Für global agierende Unternehmen wie Mars Wrigley kommt noch erschwerend hinzu, dass sich die Pandemie in verschiedenen Ländern zeitweilig in unterschiedlichen Phasen befindet. „Um die Produktion in unseren Fabriken sicherzustellen, haben wir die ohnehin hohen Sicherheitsstandards weitererhöht und gleichzeitig unsere Kapazitäten maximiert. Wir haben zudem einige Produkt-Launches verschoben, um den Fokus auf die Produktion unserer Kernprodukte zu legen und Lieferungen für Partner sicherzustellen“, so Gunnar Frettlöhr, Director Sales Mars Wrigley Deutschland. „Seit Mitte Mai ist unser Außendienst wieder bei unseren Kunden unterwegs.“

Urlaub und Freizeitabbau
Bei Nestlé in Frankfurt am Main konnte die Produktion an allen Werksstandorten aufrechterhalten werden. Man habe den Mitarbeitern verstärkt die Möglichkeit des externen Arbeitens angeboten. Schichten konnten getauscht und Arbeitszeiten verlegt werden, erklärt Ulf Pittner, verantwortlich für den Vertrieb im Süßwarensegment bei Nestlé Deutschland.
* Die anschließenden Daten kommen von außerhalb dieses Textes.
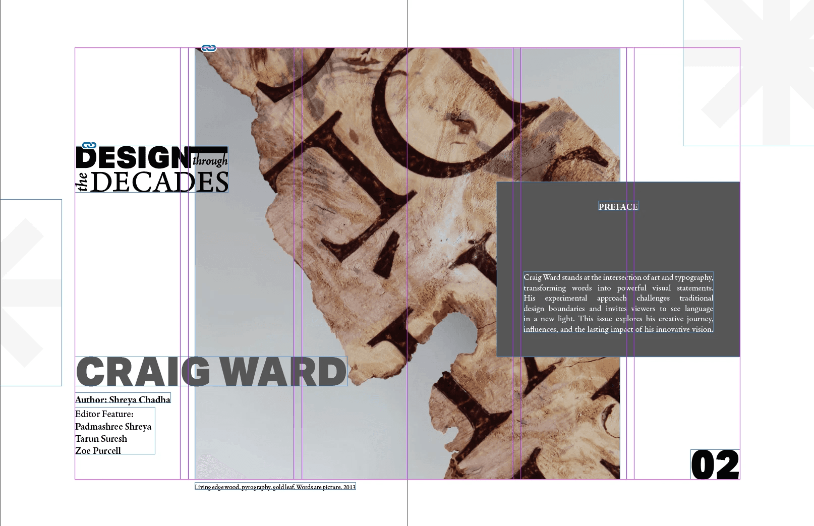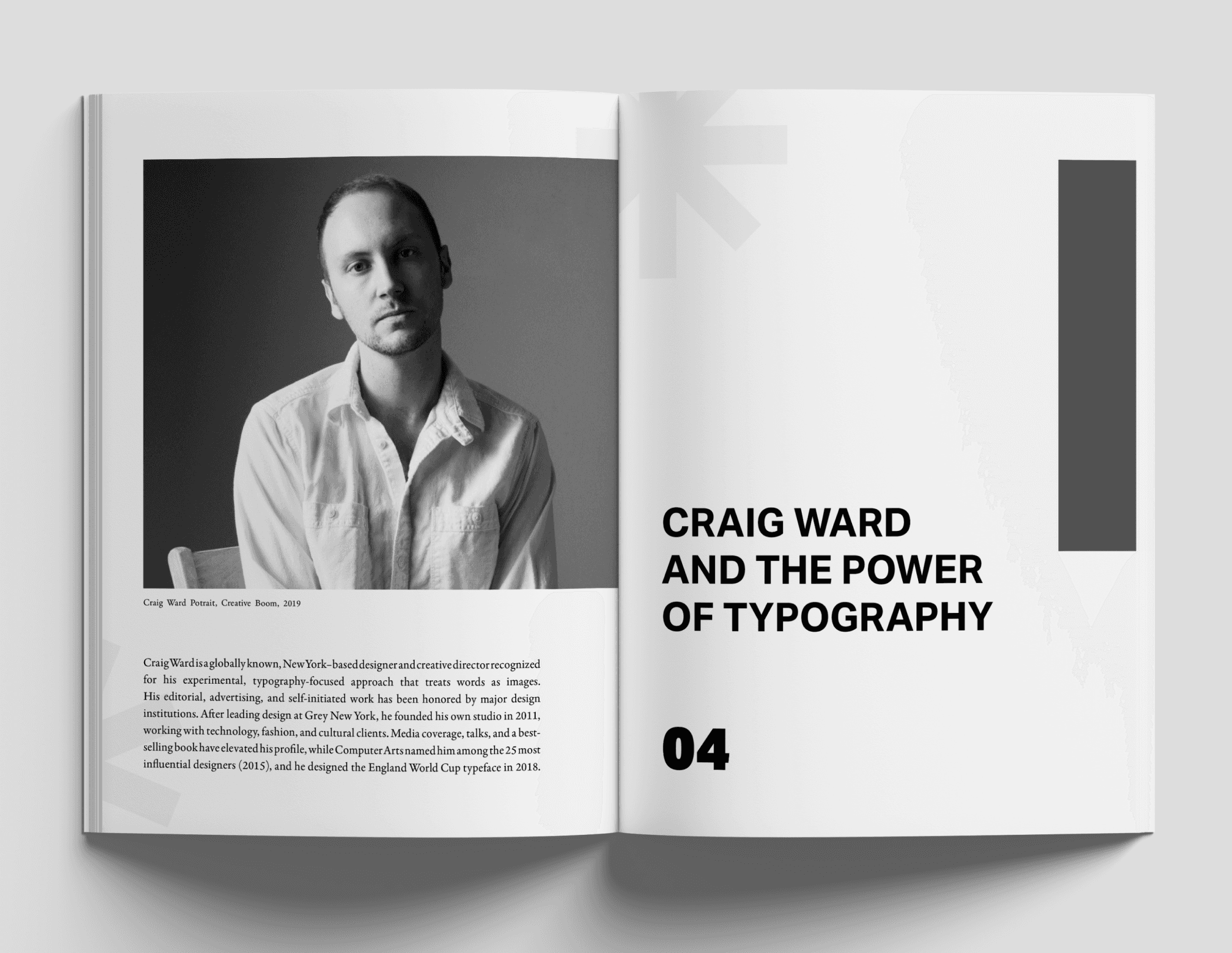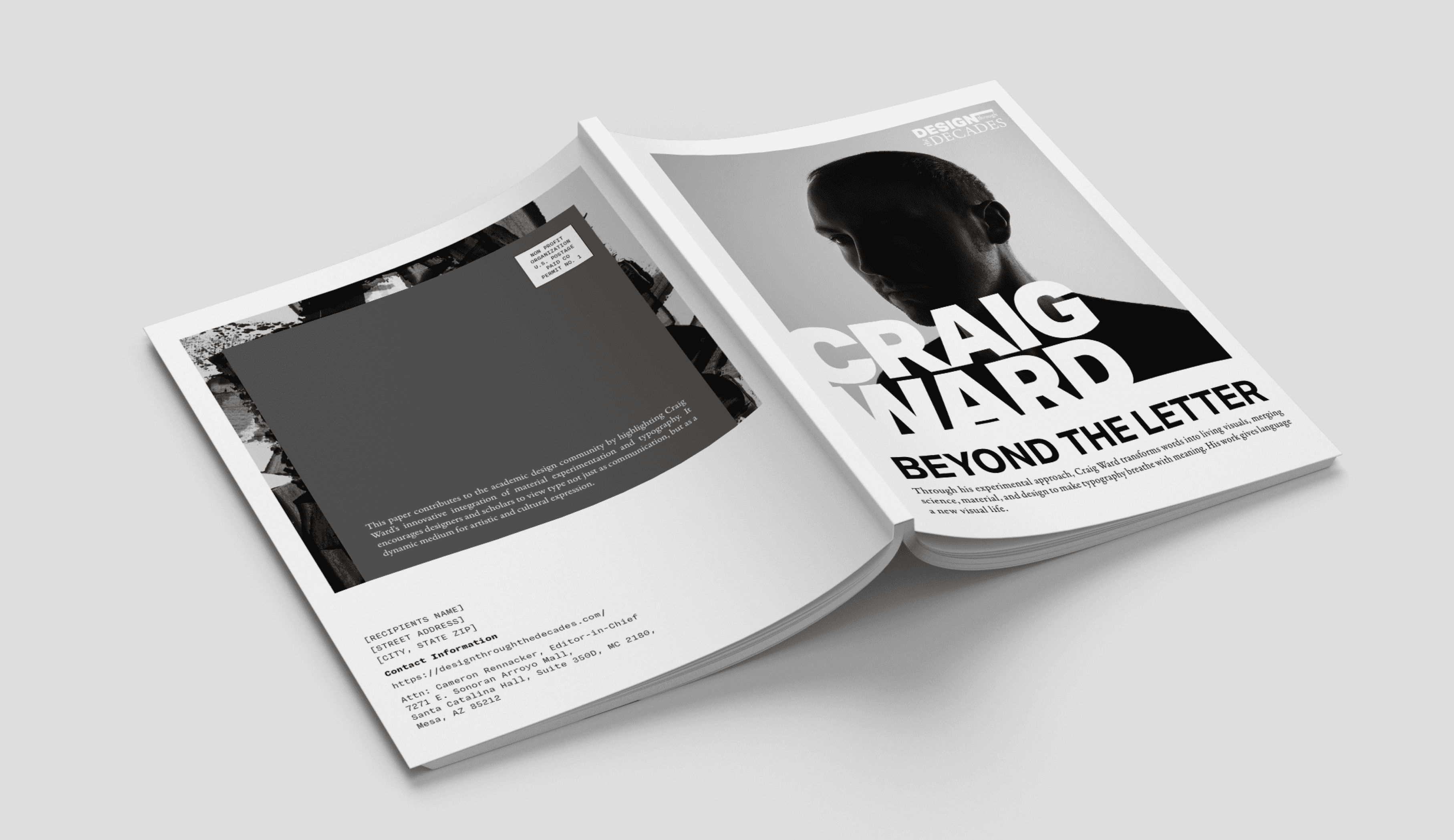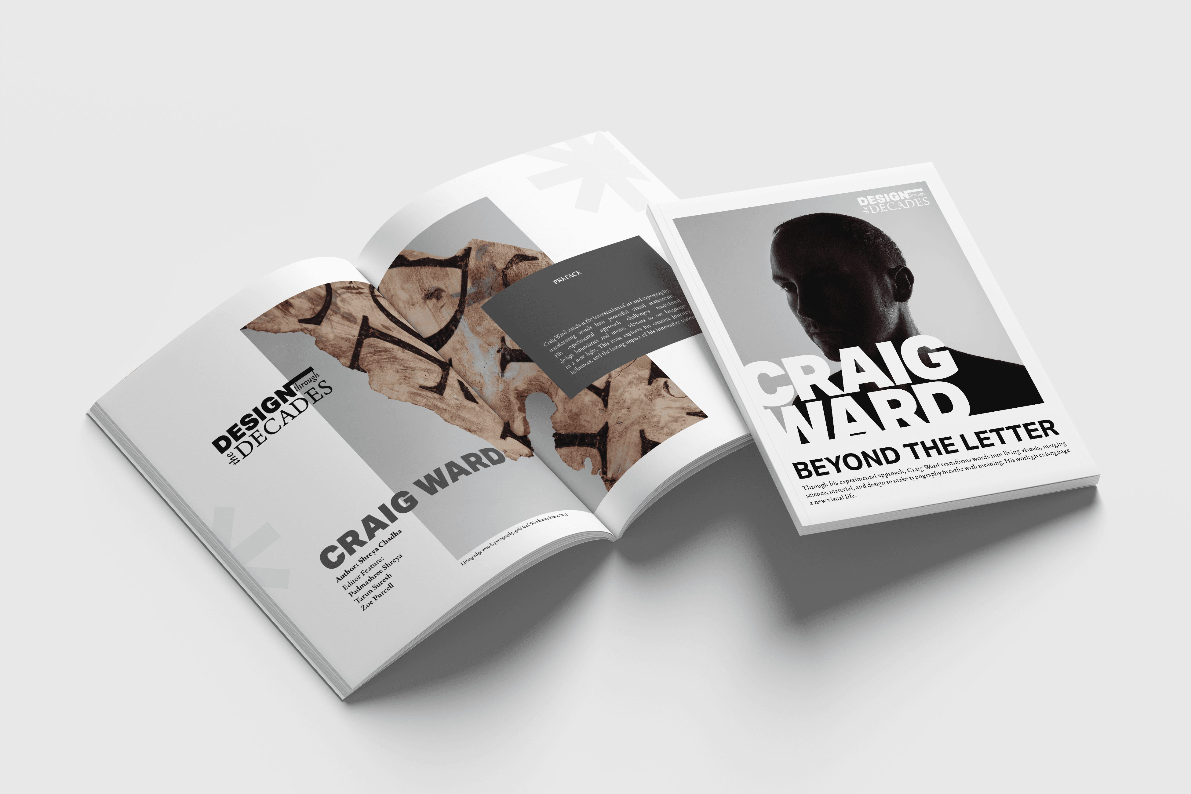 A magazine design created in Adobe InDesign for the Design Through The Decades journal, featuring typographer Craig Ward. The project blends research, layout, and typography to reflect his experimental approach to design.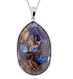 Opalescence Queensland Boulder Opal pendant with internal kernels of opal. Showcasing deep violet, blue, and green spectral colours. Pendant Size: Length: 50mm, Width: 25mm. Metal: 925 Sterling silver. Chain: 50cm, 925 Sterling silver chain. |

Ähnliches Bild bei Manner in Wien: Über 150 Mitarbeiter arbeiteten von einem Tag auf den anderen von zu Hause. Die größte Herausforderung lag und liegt bei der Entkopplung der Schichten, um bei einem positiven Coronafall innerhalb der Belegschaft nicht die gesamte Produktion schließen zu müssen, erklärt Alfred Schrott, Vorstand für Marketing und Vertrieb bei Manner. Das Unternehmen mit Einzelhandelsaktivitäten erlitt aufgrund der zeitweisen Schließung der Manner-Shops einen Umsatzeinbruch, der über andere Kanäle nicht abgefedert werden konnte.
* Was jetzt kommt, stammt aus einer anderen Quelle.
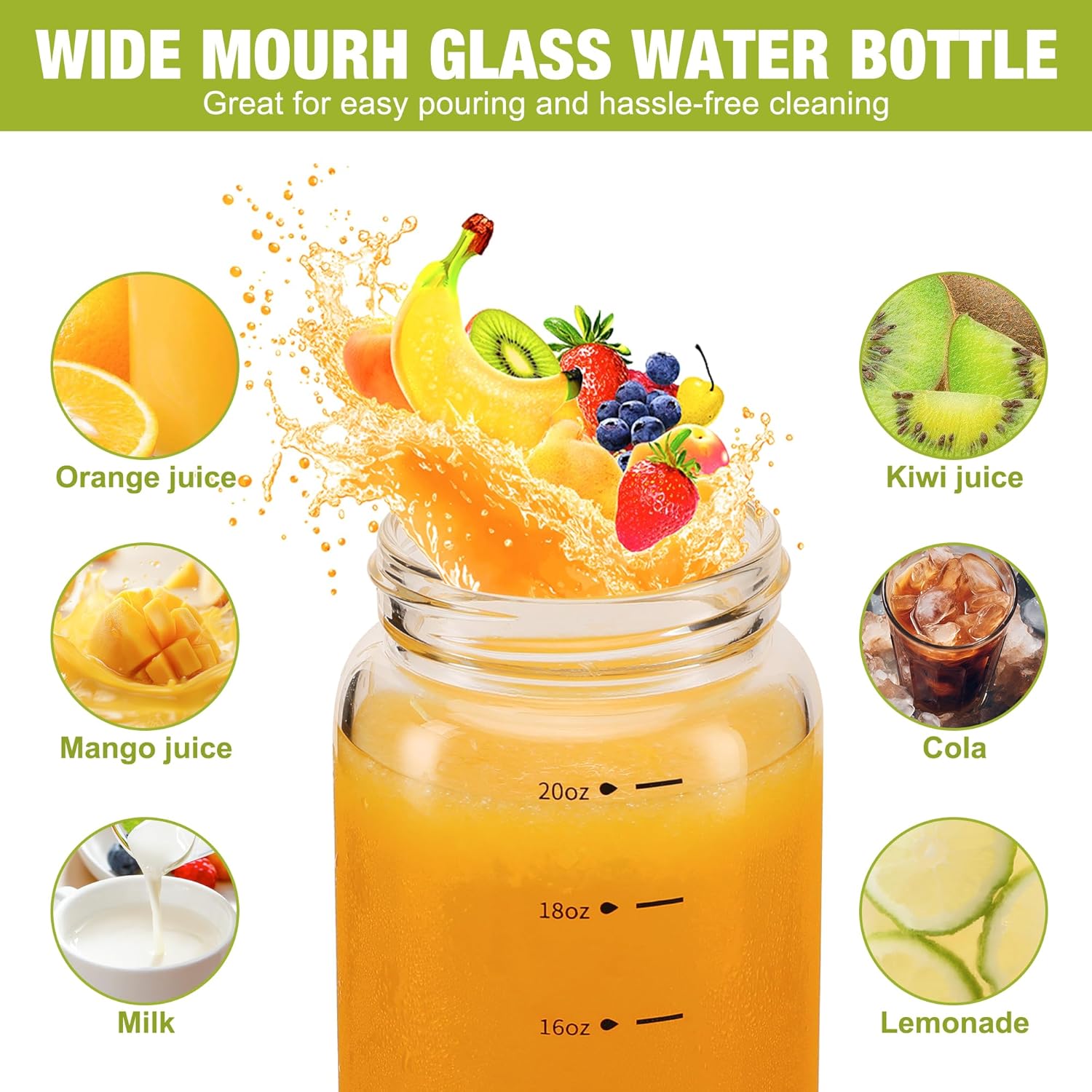 - REUSABLE & GIFTABLE SET: Say goodbye to disposable plastic bottles. These stylish and durable glass bottles are perfect for juicing, water, cold brew, kombucha, or tea—making them a great gift for health-conscious friends or yourself.

Zu den Ursachen für Umsatzrückgänge in den Convenience-Formaten des Handels gehören aktuell immer noch die Corona-bedingten Kontaktbeschränkungen und der Einfluss der Pandemie auf die Mobilität via Auto, Bahn und Flugzeug. „Gebäckmischungen für Konferenzen, Impulspackungen für Snack-Automaten, Tankstellen und Kioske oder Dessertpackungen für Hotellerie und Gastronomie sowie Einzelpackungen für den Bahn- und Luftverkehr wurden in den zurückliegenden Wochen und Monaten in geringeren Mengen nachgefragt“, so die Bilanz von Klaus A. Häusler, Leitung Key Account Management bei Bahlsen in Hannover.
Ähnlich die Beobachtung bei Manner: In der Virus-Krise entfalle vielfach der Impulskauf bei den süßen Convenience-Produkten. Der Konsument kaufe gerade in diesem Bereich überlegter, geplanter und nach Möglichkeit alle Produkte, die auf seinem Einkaufszettel stehen, in nur einem Geschäft. Andererseits: „Was wir bereits sehen, ist ein Zuwachs bei Online-Bestellungen. Bislang hat sich der Umsatz im Manner-Onlineshop um rund40 Prozent erhöht“, so Manner-Manager Alfred Schrott. Grundsätzlich zeigt man sich beim österreichischen Waffelhersteller optimistisch. Denn: Konsumenten wollen sich trotz oder gerade wegen der etwas freudlosen Zeit auch zu Hause kleine Glücksmomente gönnen.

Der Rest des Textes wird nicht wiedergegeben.